ACTION ITEM: Given these entries, repeat exactly the lines starting with the one that has "This shows Jack" and going on through the one that has "Appartement de 40", both included, but none of the pictures.

DATA FOR ANALYSIS:
= = = =

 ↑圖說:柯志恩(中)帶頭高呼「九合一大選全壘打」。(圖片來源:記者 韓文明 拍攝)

= = = =

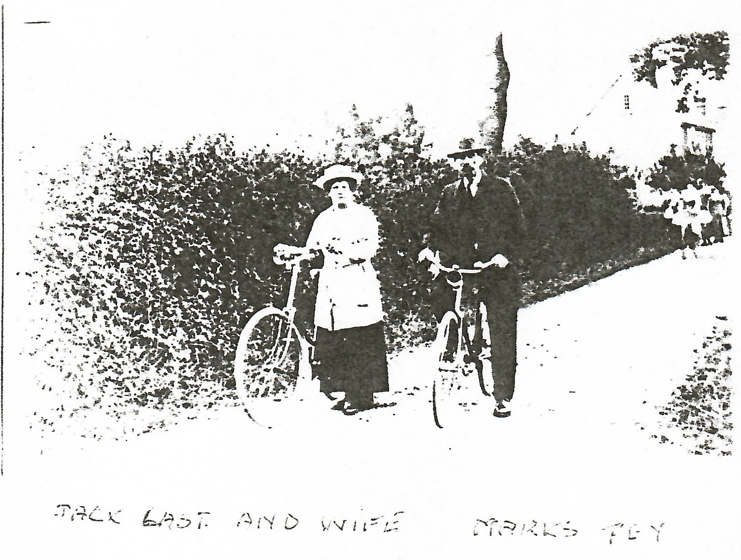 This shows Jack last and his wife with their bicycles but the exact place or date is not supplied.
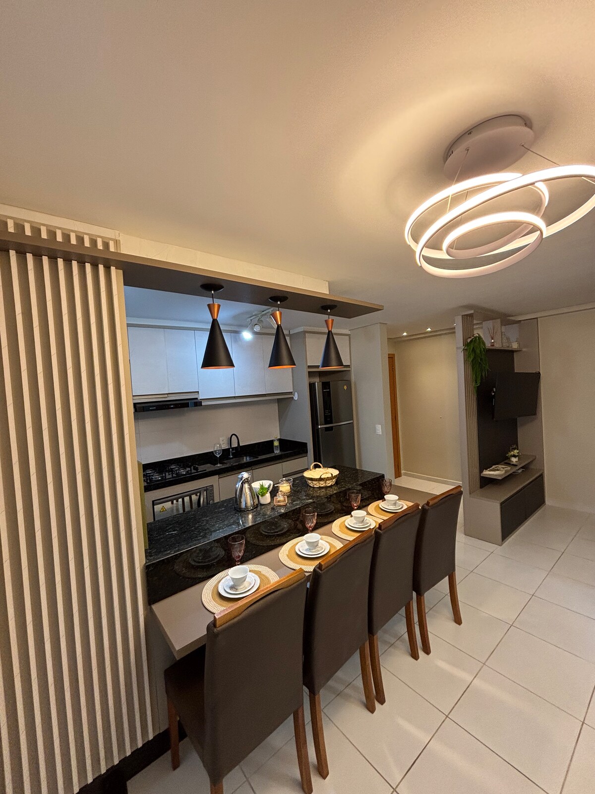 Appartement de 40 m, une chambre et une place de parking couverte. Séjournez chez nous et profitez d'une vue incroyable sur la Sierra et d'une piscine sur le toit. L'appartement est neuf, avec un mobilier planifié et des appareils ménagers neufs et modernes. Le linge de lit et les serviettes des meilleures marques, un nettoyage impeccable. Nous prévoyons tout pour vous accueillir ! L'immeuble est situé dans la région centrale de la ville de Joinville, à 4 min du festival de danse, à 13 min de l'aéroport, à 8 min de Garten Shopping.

= = = =

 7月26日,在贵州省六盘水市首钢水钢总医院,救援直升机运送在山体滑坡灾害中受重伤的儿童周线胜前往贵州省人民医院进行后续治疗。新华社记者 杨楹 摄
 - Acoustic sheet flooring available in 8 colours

= = = =

REPLY TO THE EXERCISE:
 This shows Jack last and his wife with their bicycles but the exact place or date is not supplied.
 Appartement de 40 m, une chambre et une place de parking couverte. Séjournez chez nous et profitez d'une vue incroyable sur la Sierra et d'une piscine sur le toit. L'appartement est neuf, avec un mobilier planifié et des appareils ménagers neufs et modernes. Le linge de lit et les serviettes des meilleures marques, un nettoyage impeccable. Nous prévoyons tout pour vous accueillir ! L'immeuble est situé dans la région centrale de la ville de Joinville, à 4 min du festival de danse, à 13 min de l'aéroport, à 8 min de Garten Shopping.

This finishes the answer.